Task prompt
Copy the data verbatim and leave out every picture.
- Opening Delimiter -
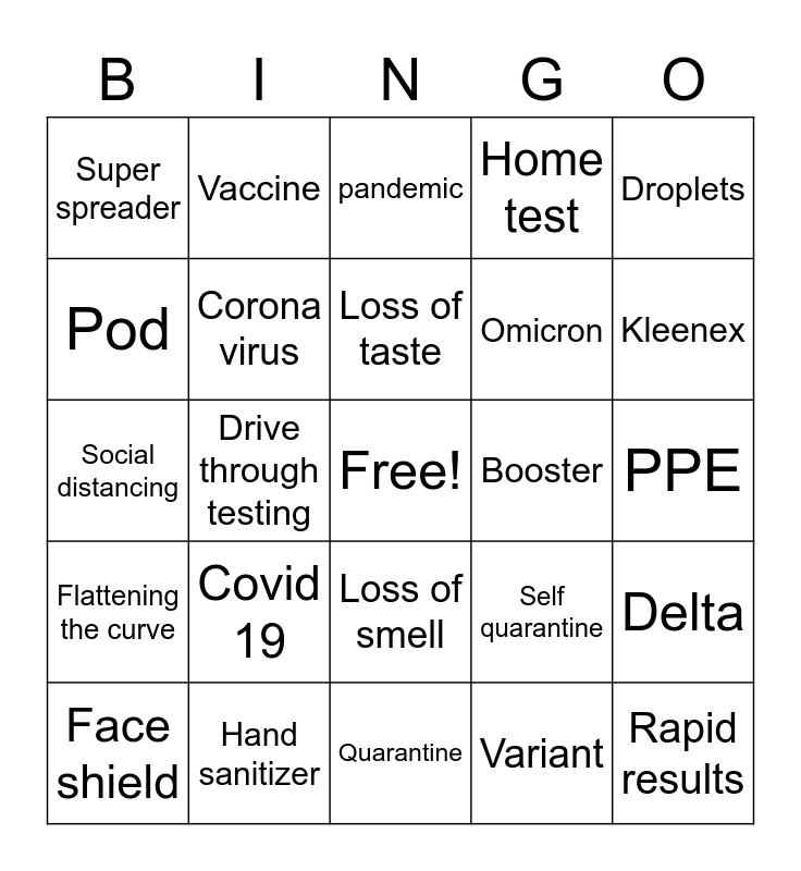 This bingo card has a free space and 24 words: Covid 19, Hand sanitizer, Loss of taste, Face shield, Droplets, Super spreader, Pod, Vaccine, Booster, Loss of smell, Omicron, Social distancing, Self quarantine, Delta, Corona virus, Variant, PPE, pandemic, Kleenex, Drive through testing, Rapid results, Flattening the curve, Home test and Quarantine.
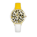 Das runde Gehäuse mit dem hellen Leopardenmuster der OMVT Uhr wird dich in Kombination mit den unterschiedlichen Farbnuancen der edlen Armbänder begeistern.
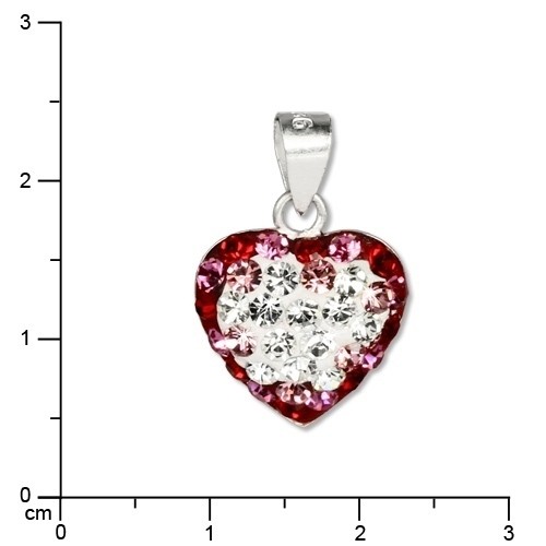 Ein Ketten Anhänger Herz mit Zirkonia Kristallen rot ICE und 925 Sterling Silber, geeignet für Halsketten bis zu einer Stärke von 2mm. Die Kristalle erstrahlen auf dem Anhänger im Velauf rot bis weiß.
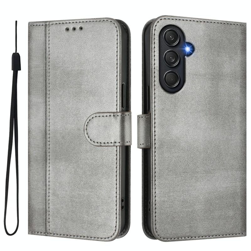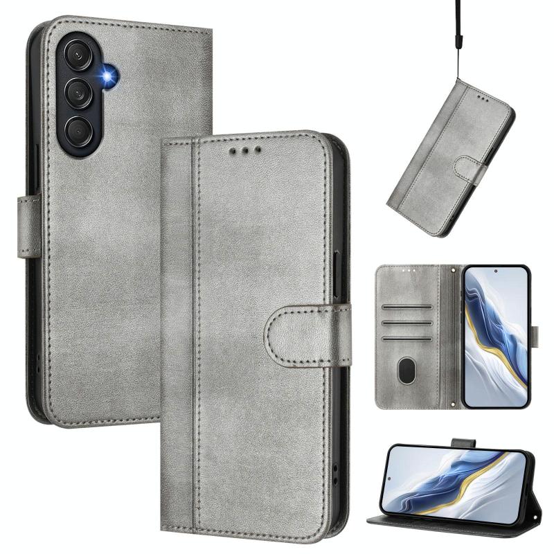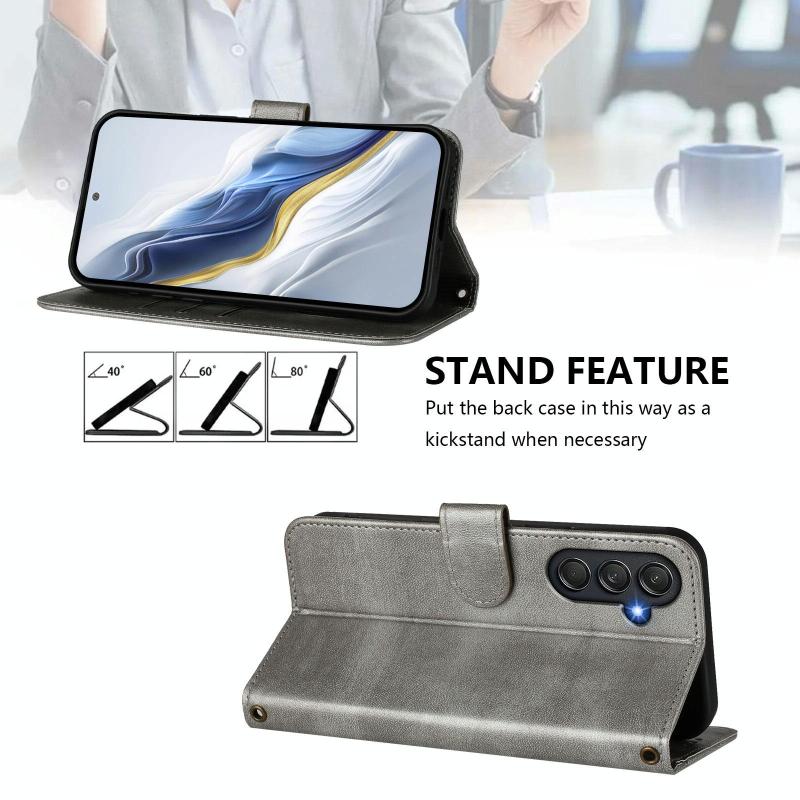 For Samsung Galaxy M55 5G / C55 5G Line Splicing Buckle Retro Leather Phone Case(Grey)
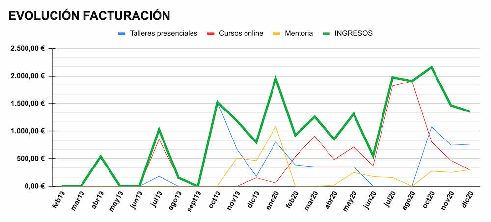 Pero lo más importante es que la parte que proviene de la venta de cursos (línea roja en el gráfico) ha crecido muchísimo al igual que el servicio de mentoría. Ya que estas dos fuentes de ingresos son que me permiten deslocalizar el trabajo y hacerlo en remoto y hacerlo compatible con mi actividad artística con mi banda Gata Brass Band (conciertos y ensayos).
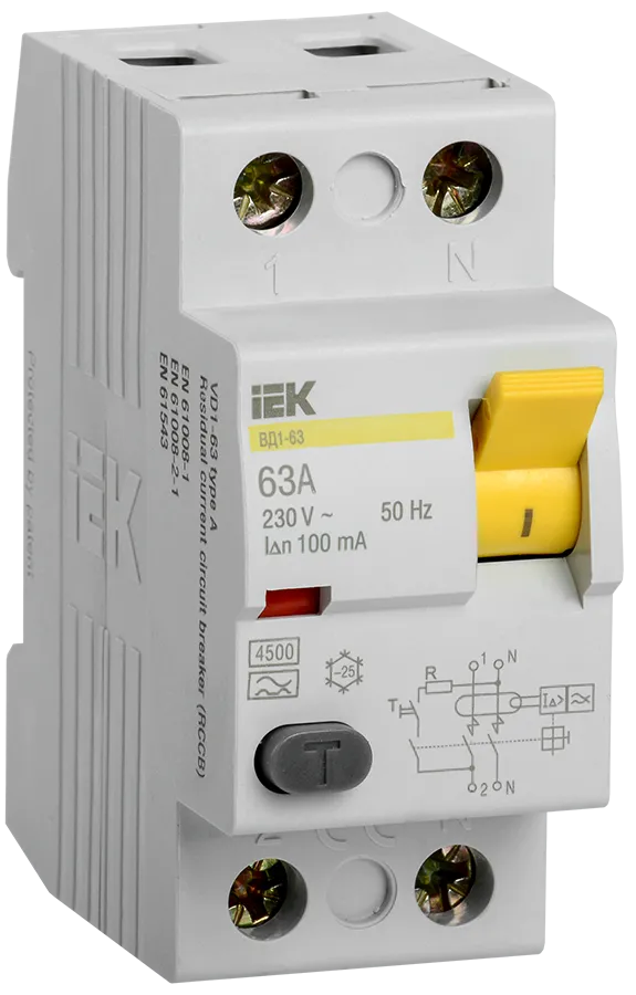 Выключатель дифференциальный тока (УЗО) ВД1-63 2Р 63А 100мА тип А(Электромеханическое) IEK (ИЭК) MDV11-2-063-100
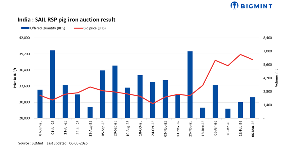 SAIL’s Rourkela Steel Plant (RSP) auctioned 2,200 t of steel-grade pig iron on 06 Mar’26, with the entire quantity sold at an average INR 38,200/t exw. Prices declined by INR 900/t compared with the 13 Feb’26 auction, where 1,700 t were booked at an average INR 39,100/t exw.
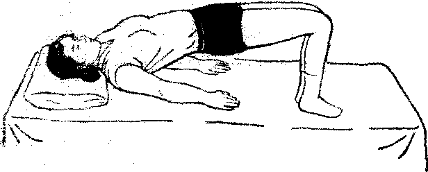 (1) “半桥”运动: 仰卧,两膝屈曲,足跟靠近臀部,用双脚和肩部支撑,抬起骨盆并收缩肛门。重复6~8次(见图1)。
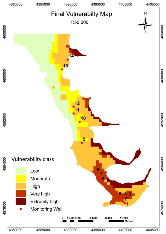 The validation of both the selected vulnerability model and the prepared vulnerability map serves to avoid any eventual subjectivity that may lead to an inaccurate assessment [86]. The validation was performed through a sensitivity analysis (SA), which expresses the effect of change in one factor on another one. SA influences the model formulation, calibration and verification [19], and helps to analyze the interaction between parameters, their appropriate range and spatial variability, and to identify the parameters having the highest impact on the model response and outputs, which in turn influence the model outcomes [94].
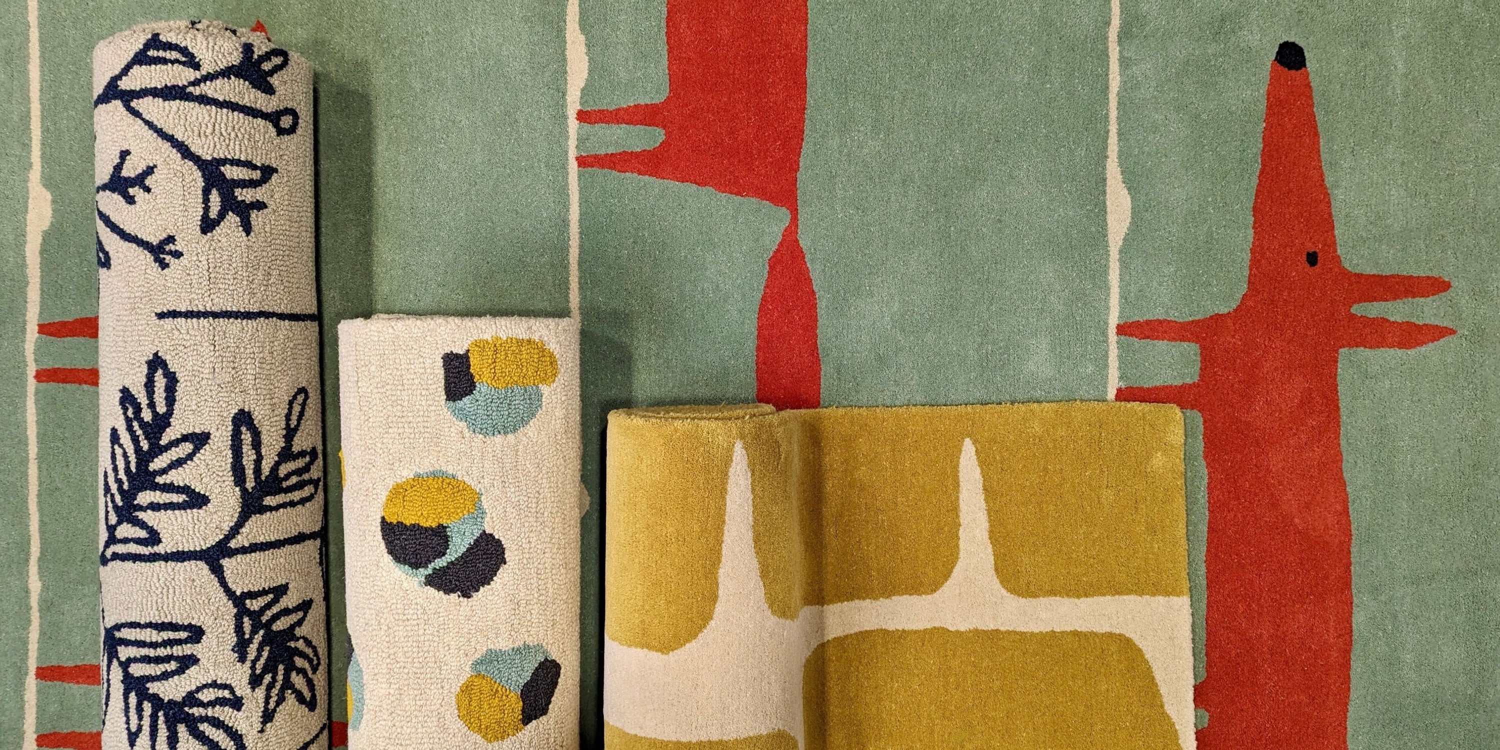 Children will love this simple Scion Mr Fox rug. A denim blue background is decorated with a repeating orange fox motif and white lines. Place it in your child's bedroom and pile it high with toys or if you're feeling adventrous, add it to your living room for a fun, retro look.
- Closing Delimiter -
Answer section
 This bingo card has a free space and 24 words: Covid 19, Hand sanitizer, Loss of taste, Face shield, Droplets, Super spreader, Pod, Vaccine, Booster, Loss of smell, Omicron, Social distancing, Self quarantine, Delta, Corona virus, Variant, PPE, pandemic, Kleenex, Drive through testing, Rapid results, Flattening the curve, Home test and Quarantine.
 Das runde Gehäuse mit dem hellen Leopardenmuster der OMVT Uhr wird dich in Kombination mit den unterschiedlichen Farbnuancen der edlen Armbänder begeistern.
 Ein Ketten Anhänger Herz mit Zirkonia Kristallen rot ICE und 925 Sterling Silber, geeignet für Halsketten bis zu einer Stärke von 2mm. Die Kristalle erstrahlen auf dem Anhänger im Velauf rot bis weiß.
 For Samsung Galaxy M55 5G / C55 5G Line Splicing Buckle Retro Leather Phone Case(Grey)
 Pero lo más importante es que la parte que proviene de la venta de cursos (línea roja en el gráfico) ha crecido muchísimo al igual que el servicio de mentoría. Ya que estas dos fuentes de ingresos son que me permiten deslocalizar el trabajo y hacerlo en remoto y hacerlo compatible con mi actividad artística con mi banda Gata Brass Band (conciertos y ensayos).
 Выключатель дифференциальный тока (УЗО) ВД1-63 2Р 63А 100мА тип А(Электромеханическое) IEK (ИЭК) MDV11-2-063-100
 SAIL’s Rourkela Steel Plant (RSP) auctioned 2,200 t of steel-grade pig iron on 06 Mar’26, with the entire quantity sold at an average INR 38,200/t exw. Prices declined by INR 900/t compared with the 13 Feb’26 auction, where 1,700 t were booked at an average INR 39,100/t exw.
 (1) “半桥”运动: 仰卧,两膝屈曲,足跟靠近臀部,用双脚和肩部支撑,抬起骨盆并收缩肛门。重复6~8次(见图1)。
 The validation of both the selected vulnerability model and the prepared vulnerability map serves to avoid any eventual subjectivity that may lead to an inaccurate assessment [86]. The validation was performed through a sensitivity analysis (SA), which expresses the effect of change in one factor on another one. SA influences the model formulation, calibration and verification [19], and helps to analyze the interaction between parameters, their appropriate range and spatial variability, and to identify the parameters having the highest impact on the model response and outputs, which in turn influence the model outcomes [94].
 Children will love this simple Scion Mr Fox rug. A denim blue background is decorated with a repeating orange fox motif and white lines. Place it in your child's bedroom and pile it high with toys or if you're feeling adventrous, add it to your living room for a fun, retro look.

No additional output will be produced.